Essas problemáticas devem ser levadas em consideração hoje, inclusive nas performances ao vivo. É necessário sempre ter a consciência da incompletude das performances filmadas. Isso acarreta outro problema do qual é difícil ter a dimensão: o primeiro acesso à mágica da maioria das pessoas se dá via vídeo na internet, quais os impactos que isso acarreta? Como falei dois artigos atrás do Mister M resultar em uma má primeira leitura da mágica que muitos brasileiros tiveram, agora, inevitavelmente, temos o mundo todo tendo acesso à mágica pela internet e normalmente sendo revelada de forma banal. Portanto, o acesso é dado por meio de um significante incompleto que raramente gera o encantamento e assombro necessários para levar dali para o teatro ou algum lugar com intervenções de mágica, mas isso é uma problemática com a qual temos de lidar. O passo número um é ter consciência do desafio, pois a mágica por vídeo impacta a leitura da mágica ao vivo, assim o que supostamente seria uma boa estratégia de divulgação acaba se tornando a banalização da completude do significante da mágica.
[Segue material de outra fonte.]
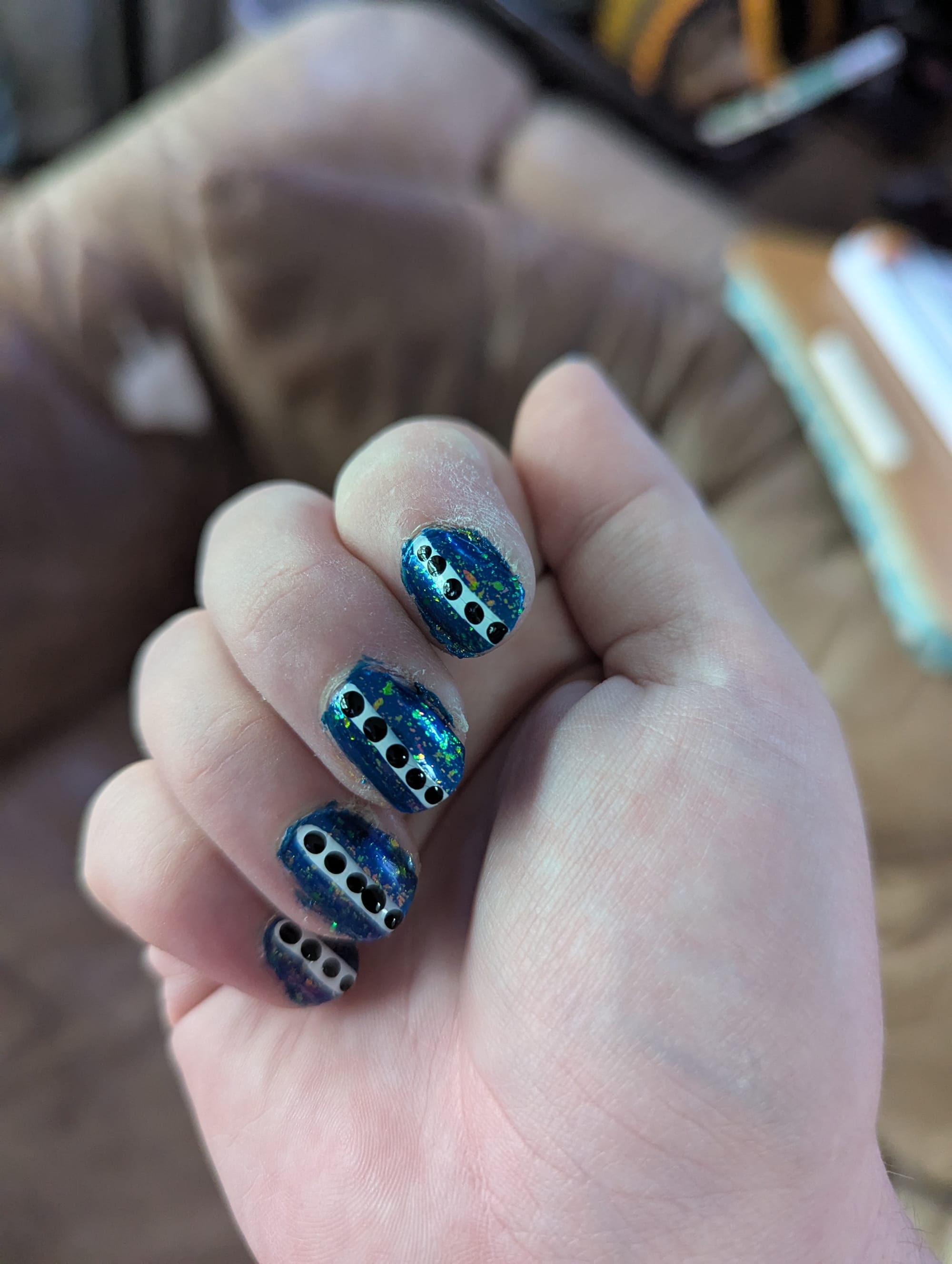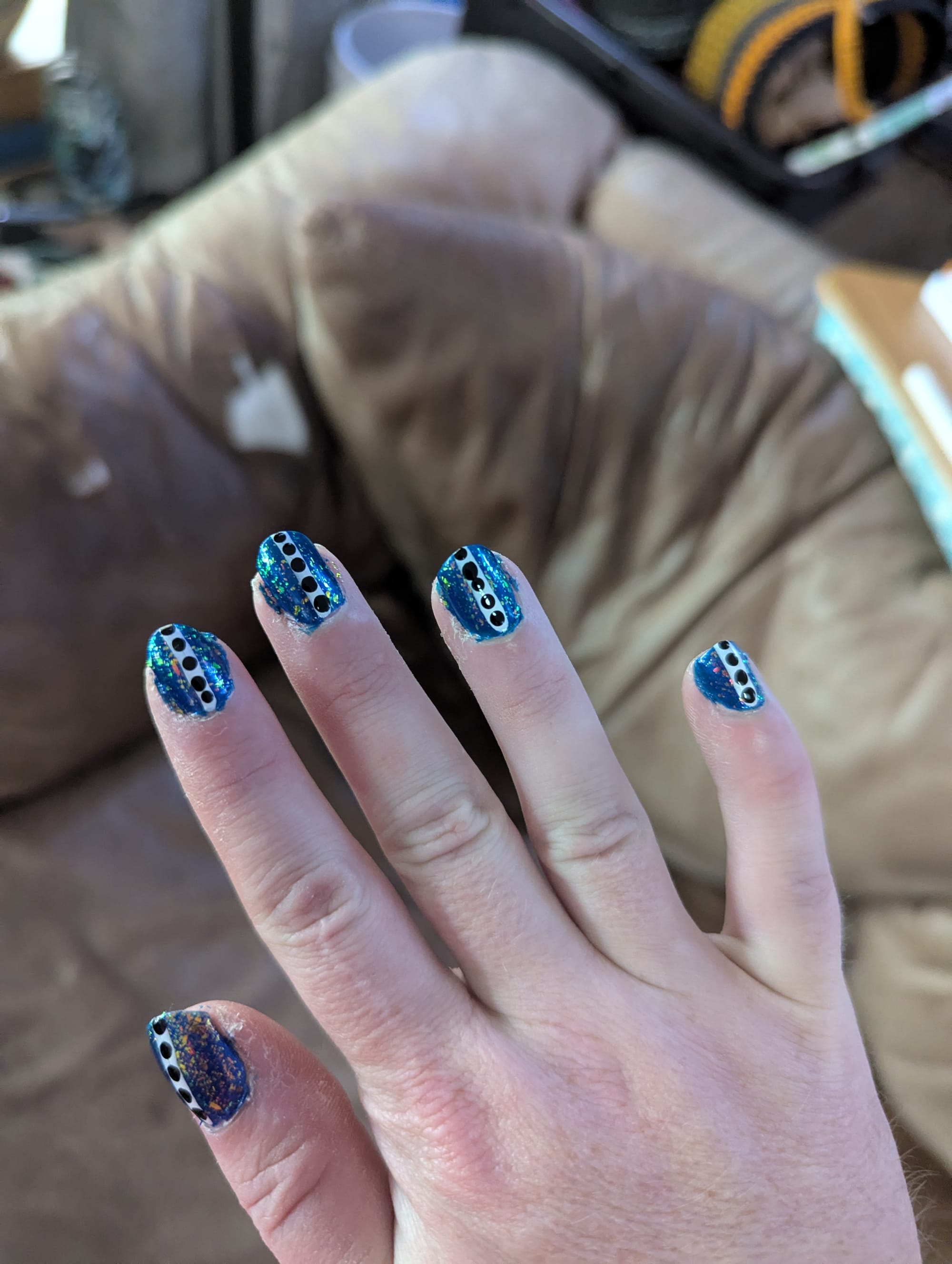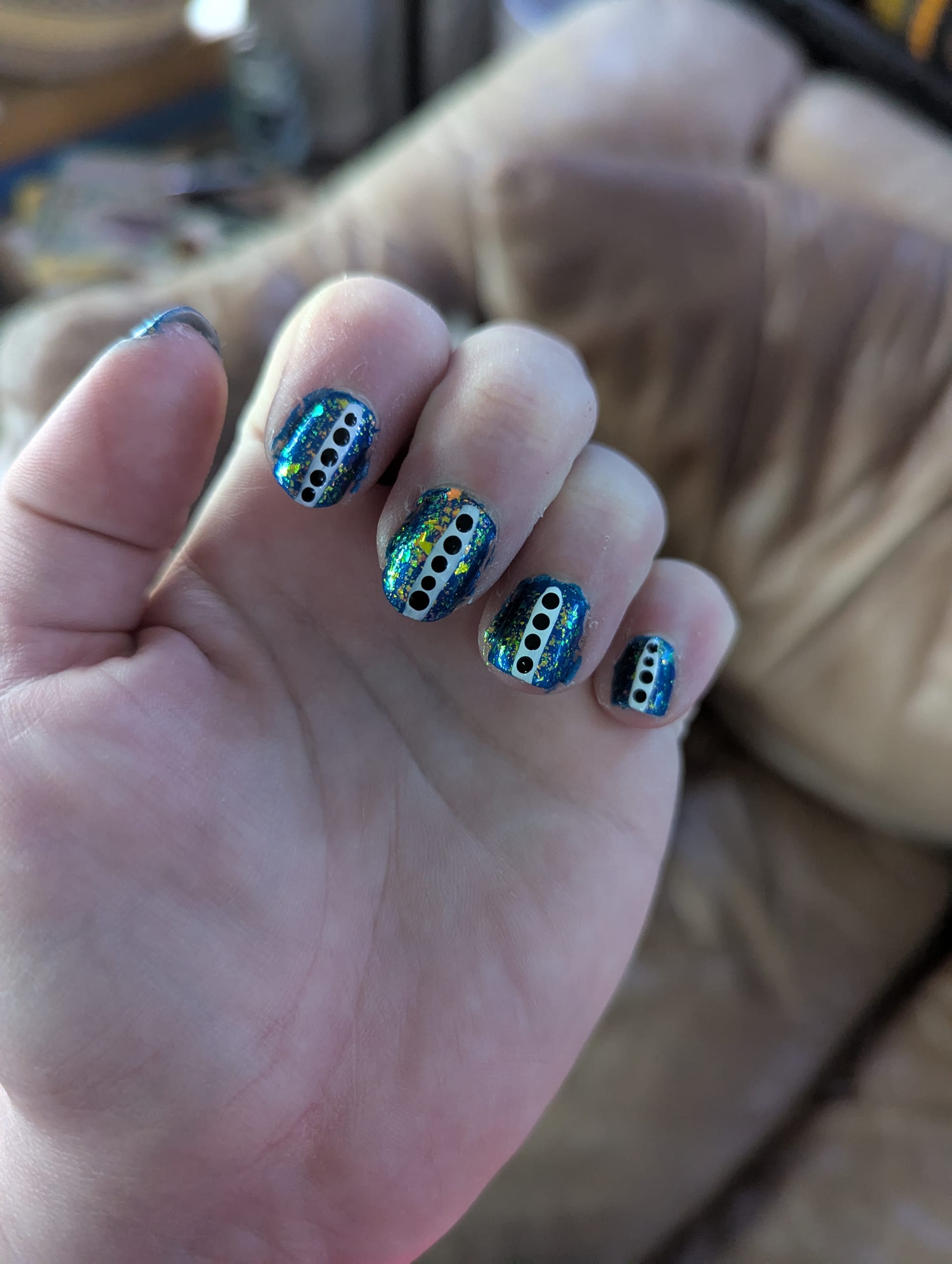 You made it to the end of the newsletter! That means you get to see this week's nails. (For newcomers: I generally write up this newsletter while I'm doing my nails each week. It takes about three hours and there's a lot of waiting for coats of nail polish to dry, so it combines well with typing-based activities.)

Um bom exemplo disso é a nova categoria de mágica online do FISM – competição mais importante de mágica do mundo – que está acontecendo toda via instagram com os vídeos já disponíveis². É inegável que trata-se de uma inovação e democratização da competição, já que a edição ao vivo deste ano acontecerá na Itália em julho e não é necessário viajar para competir. Mas basta uma olhada rápida no feed oficial onde os vídeos são postados que vemos de cara que o nível não é o mesmo. Naturalmente que a categoria é nova e ainda precisa de ajustes, mas ao ver os vídeos percebe-se instantaneamente que é um teste. Salvo algumas exceções interessantes, embora pouco profundas, a maioria se trata de “mágica filmada”. Da mesma forma que o cinema não pode ser um teatro filmado, pois exige uma linguagem própria, o ilusionismo não pode sucumbir à mera filmagem de um efeito cujo enfraquecimento é inevitável em virtude da falta de reminiscência. Os exemplos mais interessantes – como Dennis Kim, por exemplo – usam recursos audiovisuais de tal modo que o significante completo daquilo que se vê é um efeito de prestidigitação unido à alguma técnica que só o formato permite. Nesse sentido, para atingir uma qualidade mais alta exige-se que mágica e vídeo se construam juntos para resultar em um produto só, tal como Méliès o fez. A problemática da falta de reminiscência permanece de qualquer forma, mas ao menos pode-se atingir um resultado interessante do ponto de vista artístico. Resta ainda analisar se o instagram é uma plataforma que permite algum grau de aprofundamento cultural, pois pode gerar apenas uma categoria menos levada a sério (e se continuar por esse caminho cairá nisso inevitavelmente). Outra opção seria repensar o formato, pois pode ser que uma vídeo-chamada ao vivo seja muito mais interessante do ponto de vista significante, gerando significados mais profundos e trabalhos mais sérios.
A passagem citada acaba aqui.